Militan; bir düşüncenin, bir görüşün başarı kazanması için savaşan, mücadele eden kimse. Bir siyasal örgütün etkin üyesi. Mücadelesini zor kullanarak ve yasa dışı yollarla yapan taraftar.
Militan, militanlaşmak, militanlaştırmak, militanlaştırılmak ve dahası...
Akıllıca...
Doğum şeklime bakılarak bile daha o günden ne kadar yasa dışı olduğum kestirilebilir. Normal çocuklarla aynı kiloda doğmamış oluşum, doğarken çığlık niyetine sükût duruşum, gözlerimi yirmi dört saat boyunca sıkı sıkı yumuşum, benim için birşeylerin daha o zamandan ters gittiği tezini şiddetle savunabilir. Dünyanın tersine döndüğü vakitlerdi belki de. Kim bilebilirdi?

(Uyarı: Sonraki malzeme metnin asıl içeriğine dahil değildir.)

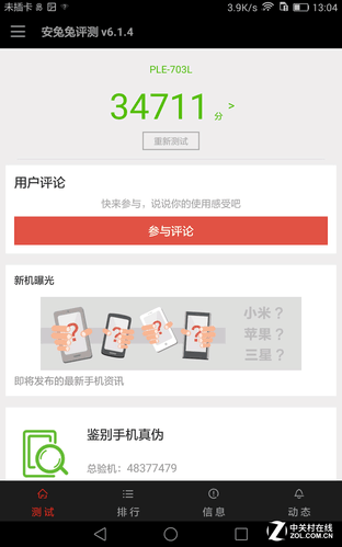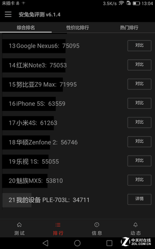 首先还是用安兔兔进行一下跑分,安兔兔目前作为Andriod平台上广泛使用的一款跑分软件,包括了3D测试场景、UX测试项目、CPU性能测试等等,虽然近期的升级使得评价标准出现的变化,但其分数在同一平台下仍具有参考价值。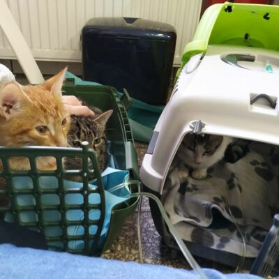 Koty zostały przerzucone przez dwumetrowy płot, w zaklejonych małych pudełkach, przez osobę będąca członkiem rodziny właściciela posesji. Spędziły długie godziny w pudełkach i w ten upał mogło się to skończyć dramatycznie.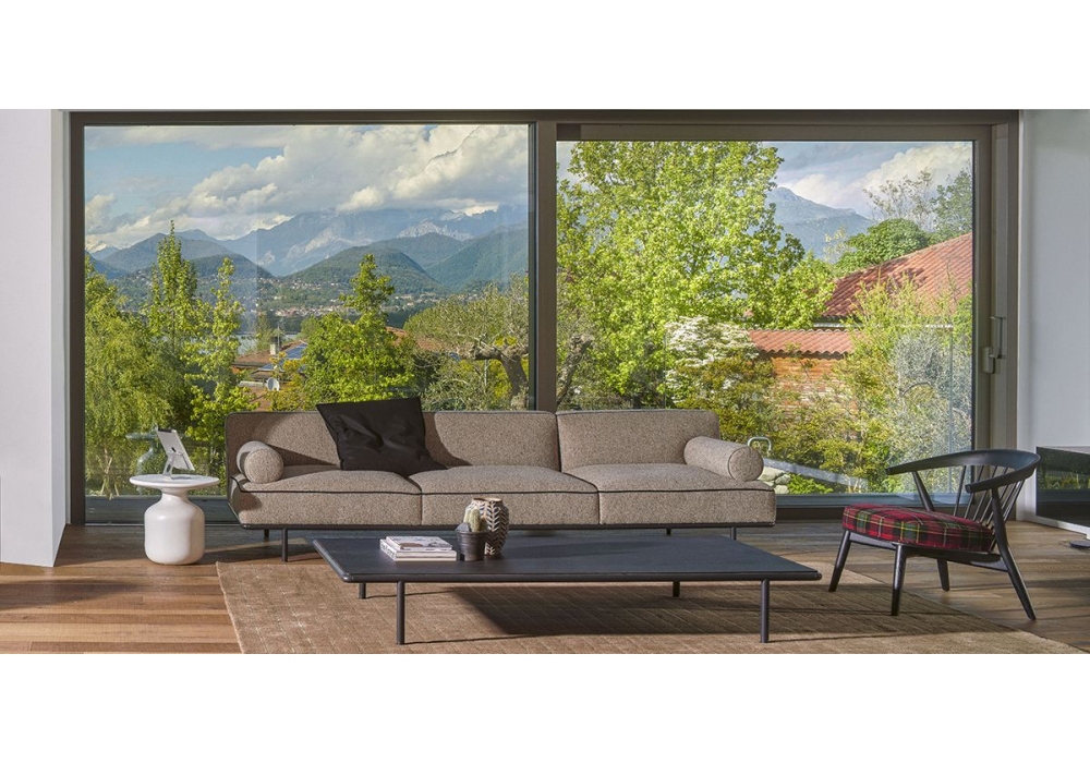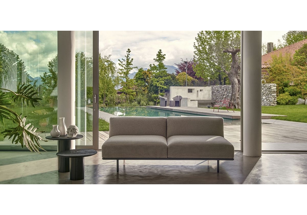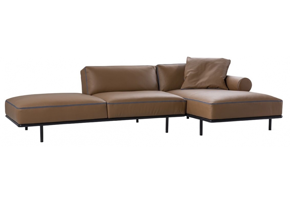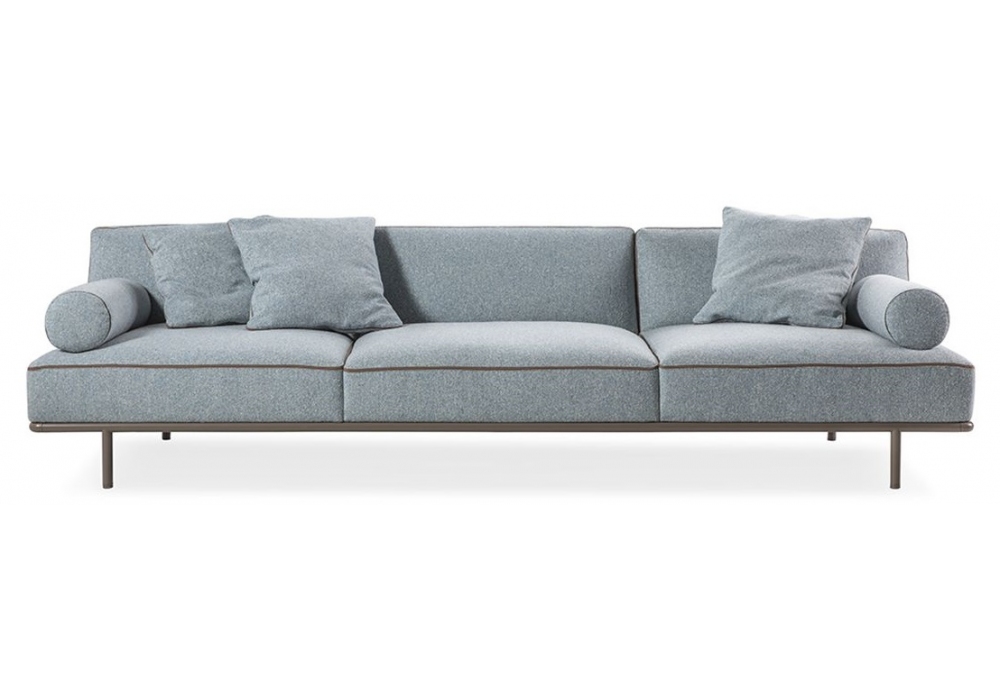 Cap Martin Sunset designed by Carlo Colombo for Cappellini is a two and three seater or modular sofa made with metal base and upholstery in fabric or leather. Available with and without gros-grain edge.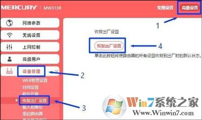 登錄到水星路由器的管理頁面后,請點擊“高級設置”—》“設備管理”—》“恢復出廠設置”選項打開—》然后點擊右側頁面中的“恢復出廠設置”按鈕,如下圖所示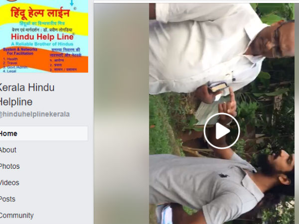ഹിന്ദു ഹെൽപ് ലൈൻ ഫേസ്ബുക്ക് പോസ്റ്റ്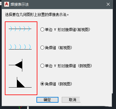 3、随后在弹出的焊接表示法对话框中选择需要绘制的焊缝样式。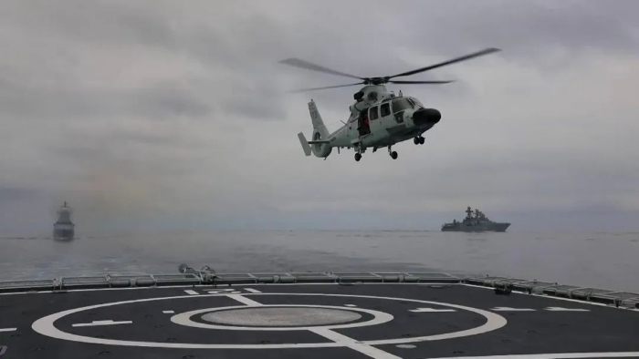 隨著齊齊哈爾艦的艦載直升機(jī)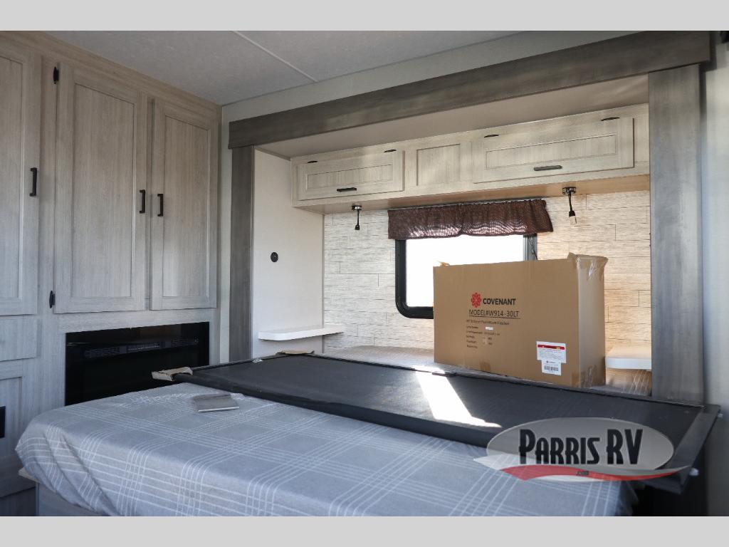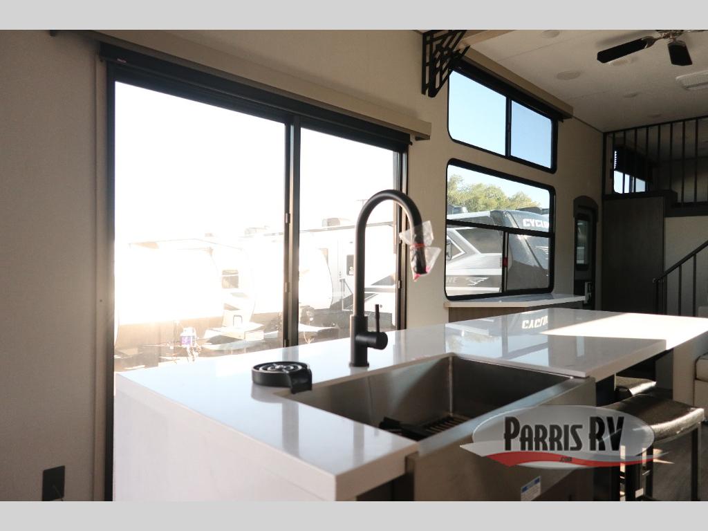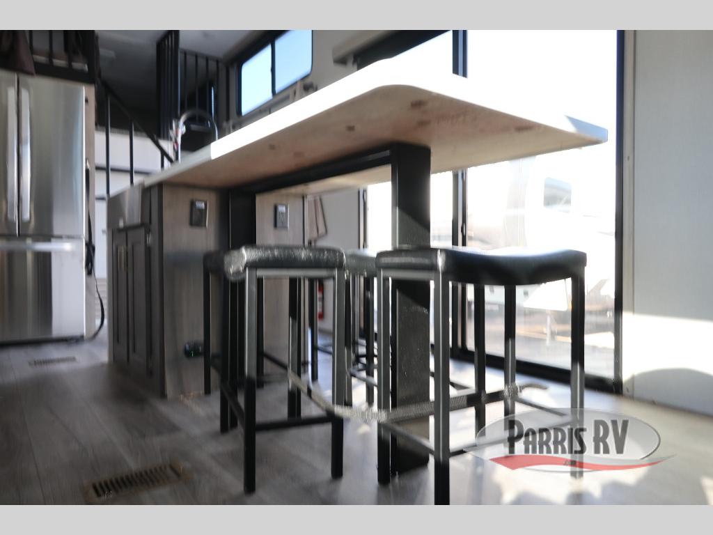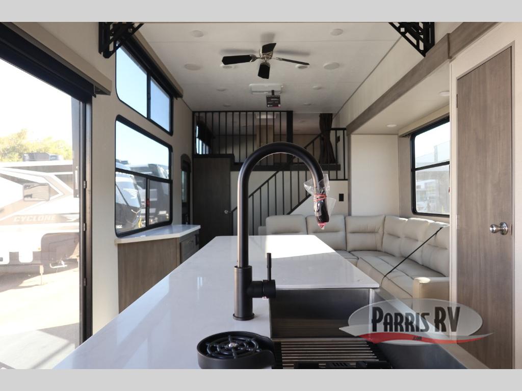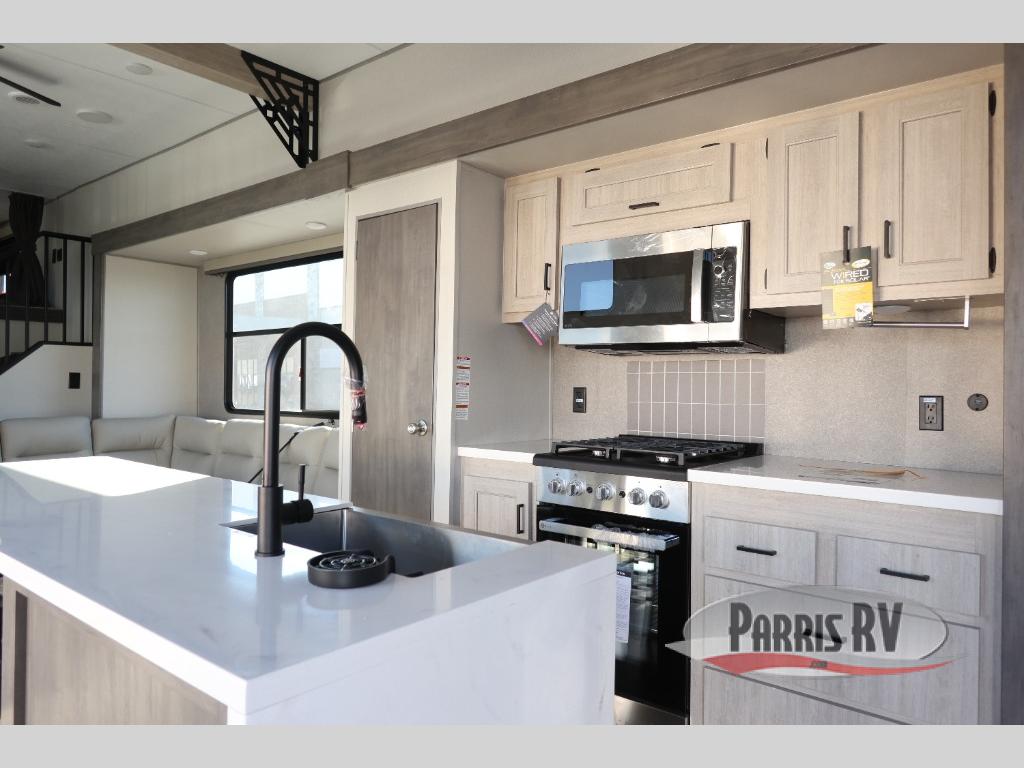 This unit with dual lofts and tons of sleeping space is ideal for a larger group! Lofts at either end of the unit overlook the living area and have a total of five bunk mats, with four 42" x 74" and one smaller 28" x 74". Downstairs there's a private bedroom with a queen bed and fireplace. The main living area has a huge hide-a-bed sectional sofa so you can fit even more guests, or just relax and watch the TV on the power lift in the entertainment center. The kitchen is well-equipped with a residential refrigerator, microwave, and pantry. The centerpiece here is a kitchen island with a deep basin farm-style sink and bar stool seating so your group can gather together and make new memories! The full bath in the rear has a roomy 48" x 30" shower with glass door, and a linen closet.

Saç tellerimden uçurtma yapıp bütün devrimci mahallelerin göğünde uçuracağımı, `oku!` söylevinin anlam içeriği aklımın ucundan içeriye sokulunca boyumu aşan sözler tasadduk edeceğimi, etrafımdakilere kendi tarafıma geçene kadar yalnız kavga! diyeceğimi, insanî özelliklerimi hep tersine kullanacağımı, her geceye sonmuş gibi veda edeceğimi, yalnız kendimi sevip yalnız kendime küsüp yalnız kendime ihanet edip yalnız kendime kızacağımı, yalnızlığımla bütün kalabalıkları dolduracağımı, yalnız kendime sloganlar yazıp kendi içimde haykıracağımı, içimin sokaklarında yıkılmadık duvar bırakmayacağımı, yalnızlığımı tercüme edip fantastizme dönüştüreceğimi...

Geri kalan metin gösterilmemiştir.